Татьяна спустилась к воде сама. Усмотрела в трех шагах от берега пару камней, греющихся на солнышке, и предложила посидеть на них. Устала, наверное. Вот – вот оно, отсутствие физической подготовки. А вот не надо целыми днями в помещении сидеть, а выходя на улицу, сразу в транспорт прыгать! Что она там про спортзал говорила? Нужно будет подумать, как и ее туда заманить. Там наверняка найдется где-нибудь в уголке место для самых простеньких упражнений – вот пусть зарядку там и делает. У меня на глазах. А то ведь утром ее никак не заставишь…
– Ну, так что это за новые обязанности? – вернул меня к реальности Татьянин голос.
Господи, как же мне не хочется о работе говорить!
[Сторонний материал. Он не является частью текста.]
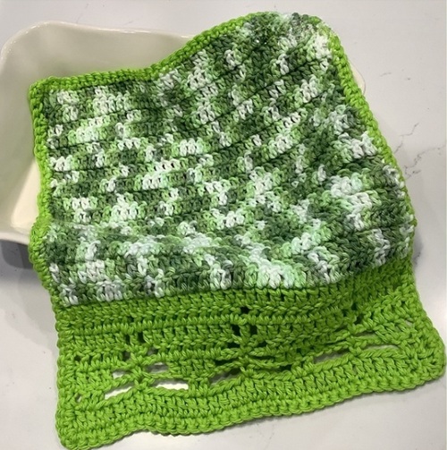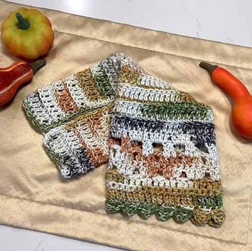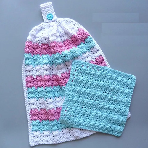 This Darrowby towel set is in farmhouse style, crocheted with contrasting stitches and good color shades. Free pattern is by Rebecca J Miller.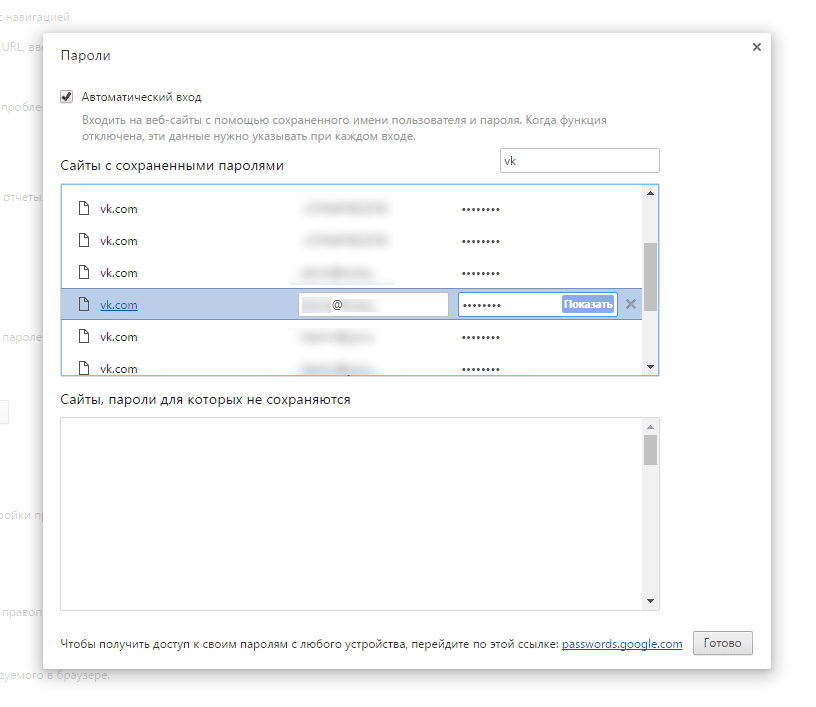 - Зайти на страницу, где будет полный список всех паролей для разных сайтов и сервисов.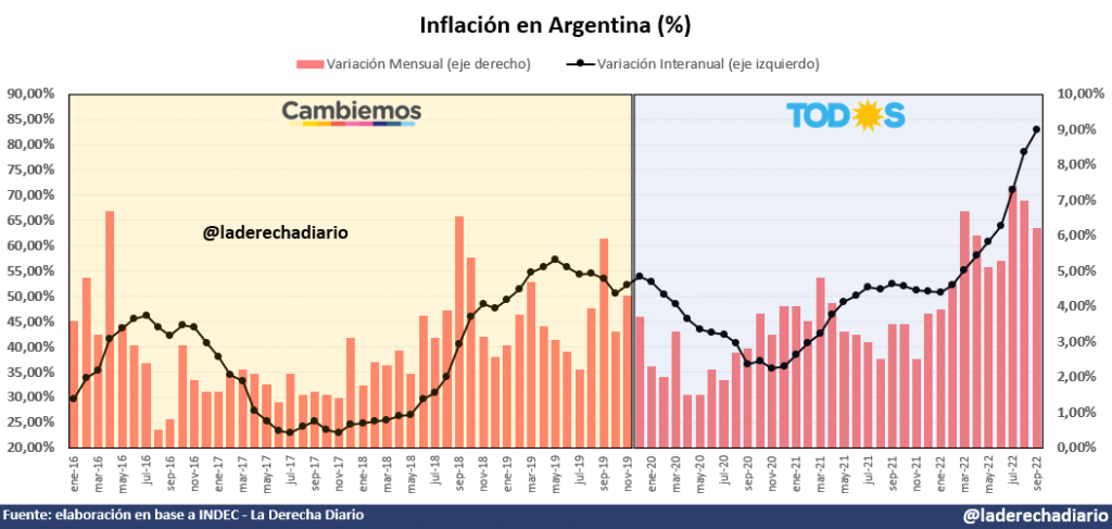 La inflación interanual llegó al 83% en comparación al mismo mes del año pasado, lo cual representa el dato más extremo desde diciembre de 1991. Solamente en lo que va de la presidencia de Alberto Fernández, el nivel de inflación interanual aumentó en casi 30 puntos porcentuales por encima del nivel que había en diciembre de 2019.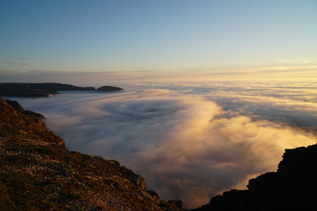 Das Wetter bleibt schön und wir beschließen, noch einen weiteren Tag hier zu verbringen. Obwohl sich hier so viele Leute aufhalten, herrscht eine angenehme Ruhe, vom Meer unter uns dringt kein Laut nach oben, es bleibt den ganzen Tag windstill. Wieder wird der Ozean von dichten, weißen Wolken zugedeckt. Die Welt scheint stillzustehen, nur die Sonne zieht ihre Bahnen. Es wirkt irgendwie mystisch.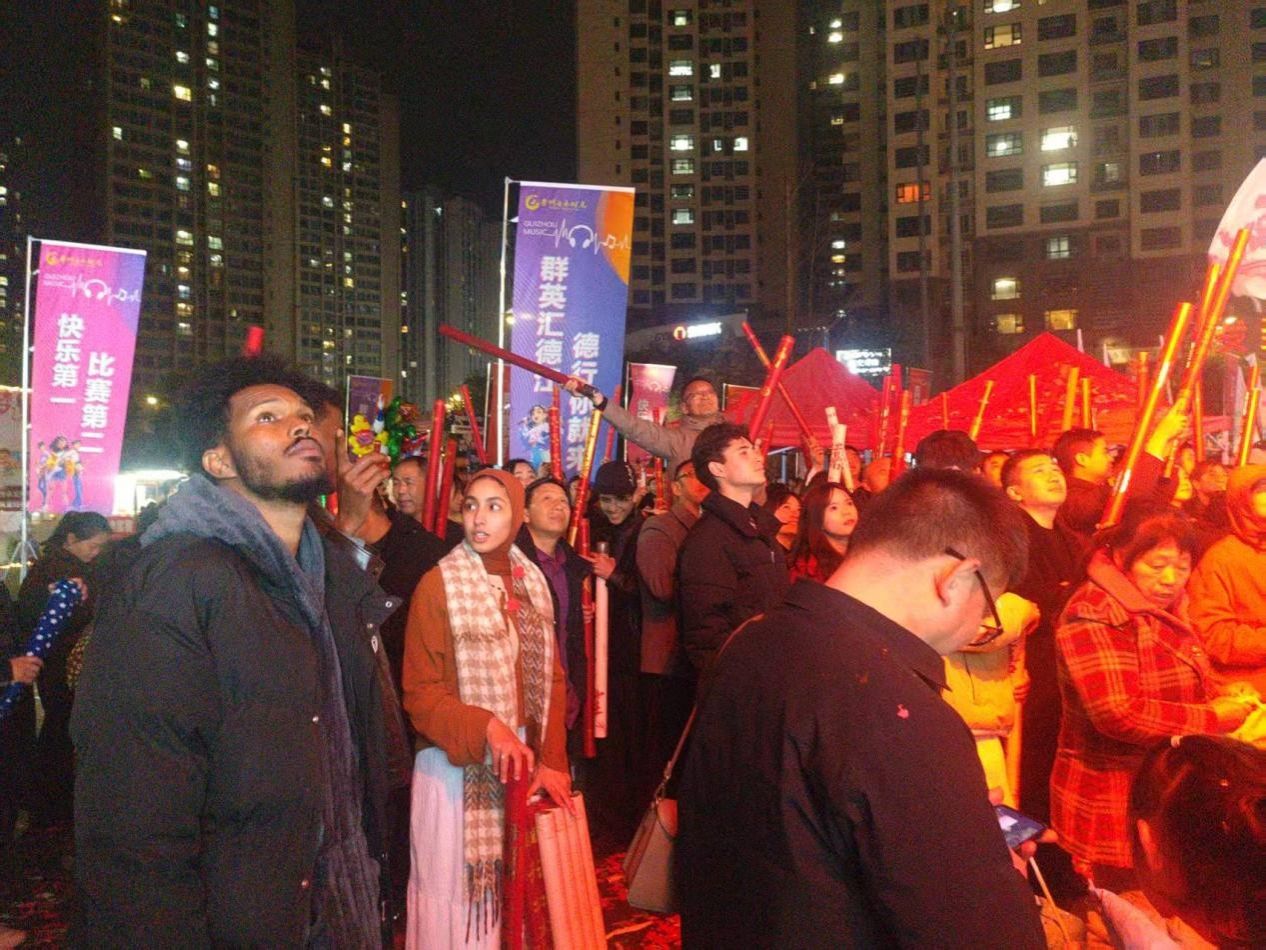 德江县倾情打造的“贵州音乐时光”文化品牌节目2025年度总决赛在玉溪河畔西麓阁如期举行。该文化平台以音乐为魂、以赛事为媒、以经济为体,历经层层选拔,众多音乐发烧友齐聚天麻之乡,用激昂旋律点燃岁末文旅热潮。总决赛现场氛围热烈,来自异国的百余名国际学生化身观众融入现场,与众多观众共同沉浸于音乐氛围之中。他们有的围坐在一起交流对赛事的感受,有的与市民并肩欢呼。不同文化背景的观众因音乐而相聚,使赛场成为了一个中外文化交流的小型舞台。乌江学院师生表示,能亲临总决赛现场,既感受到了本土音乐的魅力,也见证了家乡以文化赛事撬动发展的新路径。外籍学生坦言,这场充满活力的音乐盛会,让他们感受到了中国、贵州、德江独特的文化底蕴与发展活力。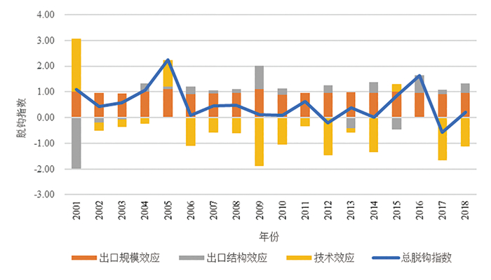 图 4 2000—2018年中国出口贸易隐含碳脱钩效应驱动因素分解 |

Ну, в самом же деле, считанные часы передышки остались – завтра трудиться начнем! Да и потом – что ей говорить? В общем я уже рассказал ей о своем дополнительном задании, а в подробностях… Вот поговорю завтра с Галиным растяпой, послушаю его трактовку событий, к ней также присмотрюсь…
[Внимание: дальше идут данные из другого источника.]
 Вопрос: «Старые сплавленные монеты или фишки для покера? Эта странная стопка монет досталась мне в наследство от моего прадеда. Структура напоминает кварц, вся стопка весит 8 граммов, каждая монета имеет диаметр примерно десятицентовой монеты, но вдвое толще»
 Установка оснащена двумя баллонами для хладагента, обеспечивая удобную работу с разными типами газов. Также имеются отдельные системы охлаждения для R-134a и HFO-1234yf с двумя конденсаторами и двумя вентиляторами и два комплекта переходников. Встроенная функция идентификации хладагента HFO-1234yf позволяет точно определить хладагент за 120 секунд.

Татьяна же из моего нежелания лишать себя последних свободных часов сделала вывод, что мне запрещено об этом разговаривать. Это еще с какой стати? После всего, что я ей уже рассказал? Отцы-архангелы, в отличие от нее, доверяют моей способности оценить обстановку и действовать соответственно… А, ну теперь понятно – если Анабель о своей работе с Франсуа не говорит, значит, и мне нельзя! Она нам, конечно, очень помогла – я никогда этого не отрицал! – но нечего из нее идеального ангела делать! Мы вообще понятия не имеем, на каких условиях она право на видимость на земле получила! А то, что она Франсуа ничего не рассказывает… Так она, может, для того и держит его в полном неведении, чтобы гонять в хвост и в гриву! Вот и за нас он почему-то взялся, а не она… Кстати…
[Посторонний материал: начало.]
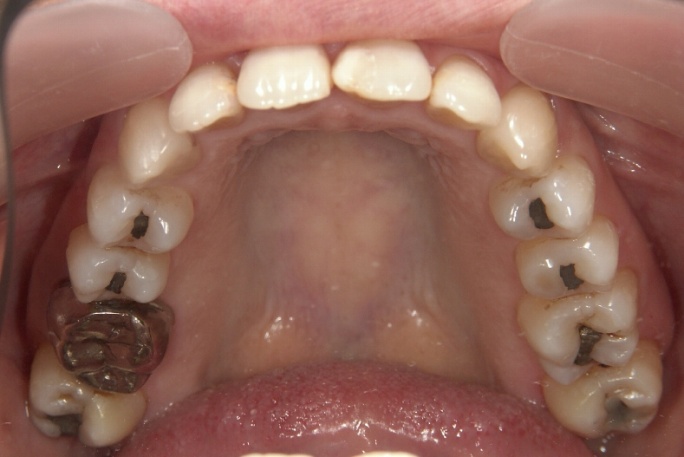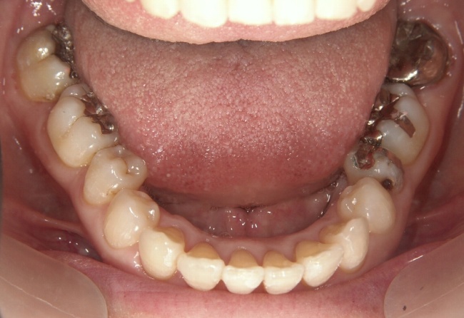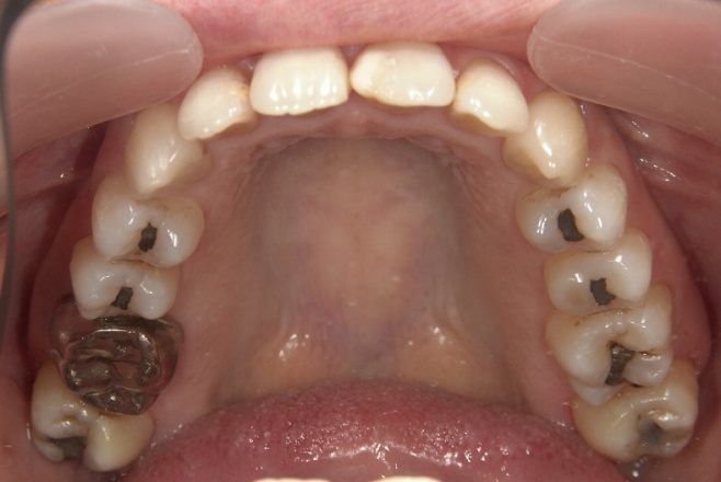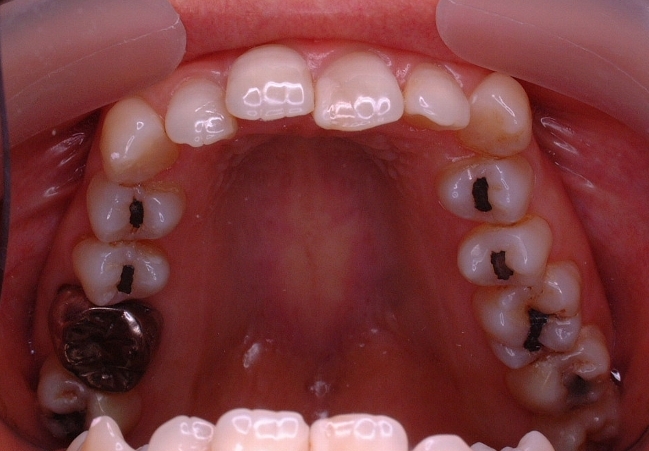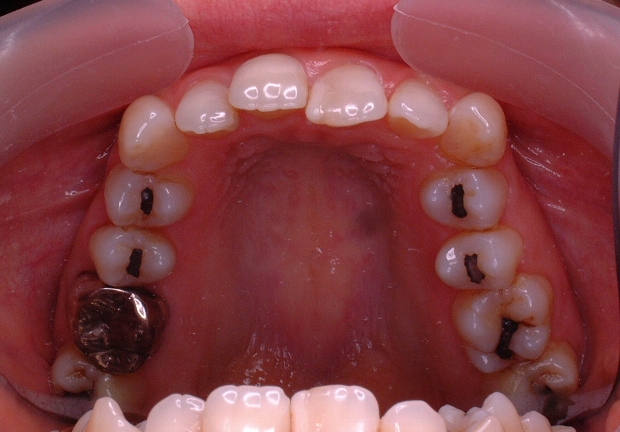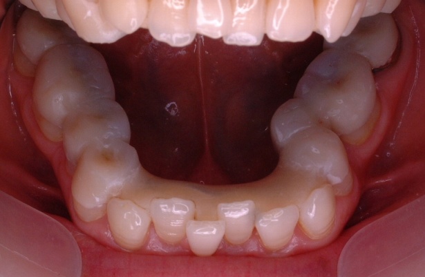 | 初診より3ヶ月スプリント除去後の口腔内 | ||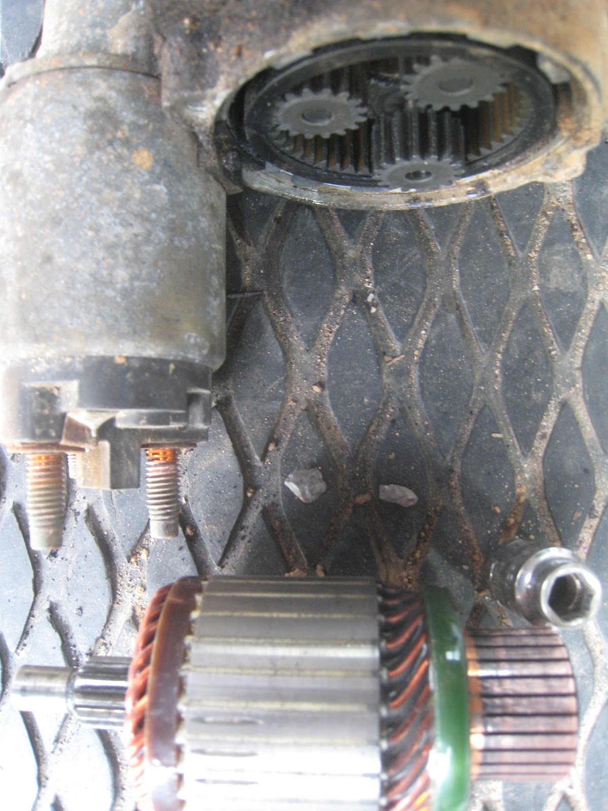After checking every fuse and relay, I decided that the only thing left to check would be the starter solenoid and the starter itself. Using the awesomely safe test of bridging a screwdriver across the terminals with the van in neutral, I was only able to get the starter to bump about 3 out of 5 times. The solenoid on the other hand fired every time. Ok, we're making progress. Pulling the starter I noticed that there was a lot of corrosion on the terminals. I decided to disassemble the can to also get a good look at the armature and the brushes of the motor as well. Lo and behold, taking apart the can revealed the problem. Apparently a hole in the starter had allowed gravel to slip into the can and bind up the gears. The starter pinion was not able to move into place against the flywheel because of the gravel. The hilarity of the situation, was that 15 minutes prior I had just read in the instructions for trouble shooting the starter, that shorting the terminals of the starter motor should cause it to whir smoothly and that it should not sound gravely. Go figure !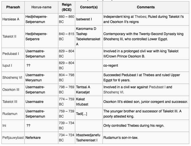 The Twenty-third Dynasty of ancient Egypt was a separate regime of Meshwesh Libyan kings, who ruled ancient Egypt. This dynasty is often considered part of the Third Intermediate Period. There is much debate surrounding this dynasty, which may have been situated at Herakleopolis Magna, Hermopolis Magna, and Thebes but monuments from their reign show that they controlled Upper Egypt in parallel with the Twenty-second dynasty of Egypt shortly before the death of Osorkon II. The known rulers, in the History of Egypt, for the Twenty-third Dynasty are as follows: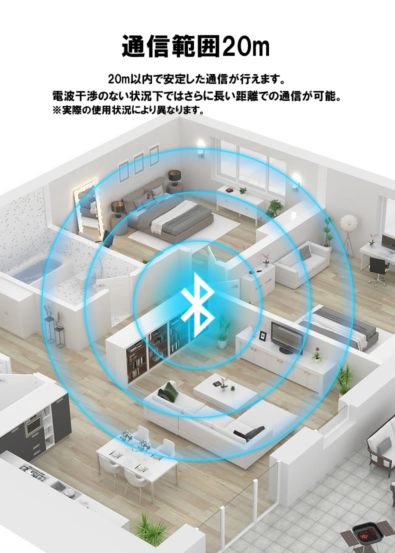 A.接続されたデバイスが有効通信範囲(10m)を外れると、信号が微弱になり切断されます。

О том, что Анабель могли поручить присмотреться к моим отношениям с Татьяной, я просто так сказал. Такой вариант был вполне возможен – меня же обязали Галиного двоечника на путь истинный направить. Но главное – мне хотелось показать Татьяне, что Анабель совсем не обязательно переполняет любовь и сострадание к собратьям-ангелам, равно как и к людям. Татьяна же усмотрела в этом величие ангельского единения и взаимовыручки. Кто бы сомневался? Как же могла бы великая Анабель не дать мне доброго совета? Как же могла бы она не научить меня, непутевого, уму-разуму? Хотел бы я посмотреть на того, кто бы ко мне с советами сунулся! Может, и хорошо, что она своего Франсуа на передний план вытолкнула…
Стоп. Мне же самому придется этого Галиного балбеса вразумлять. И расспрашивать. И наставлять. А если он меня пошлет, как я бы на его месте сделал…? Я ему пошлю! И уж, по крайней мере, я не буду Татьяну на разведку посылать!
Татьяна тоже об этом подумала – вот она, обратная сторона способности ангела-хранителя внушать мысли своему человеку. Довнушался. Нет, чтобы выборочно – о спортзале, например… Пришлось о нестандартных ситуациях ей рассказывать.
Прежде я с ней только об обычной работе ангела-хранителя говорил. Естественно – нашу-то ситуацию никоим образом нельзя было к необычным случаям отнести; мы сами между собой разобрались и Анабель – скорее всего – никто не посылал меня инспектировать. Собственно говоря, я и сам тогда мало что о них знал – если быть совсем честным, то почти ничего, кроме того, что не справившегося со своим делом ангела выдворяют с земли. Именно этим, в частности, отдел по внештатным ситуациям и занимается.
Татьяна вдруг спросила, смог бы я … выдворить кого-то. Как будто это самое страшное! Мне придется доклад писать по своим наблюдениям, характеристику ему предоставлять, рекомендации высказывать – выдворять его или нет! Что хуже – подписывать приговор или приводить его в исполнение? Я поежился. Что-то мне там, наверху, это дополнительное задание совсем иначе представлялось…
А на счет того, что бы я смог… Если бы у меня не осталось другой возможности хоть изредка на землю попадать, кроме как в составе отряда быстрого реагирования, пошел бы я в него и выдворял бы правонарушителей – быстро и безболезненно – чтобы ее скорее увидеть. Так что – прости, Татьяна, не идеальный ангел тебе в хранители достался!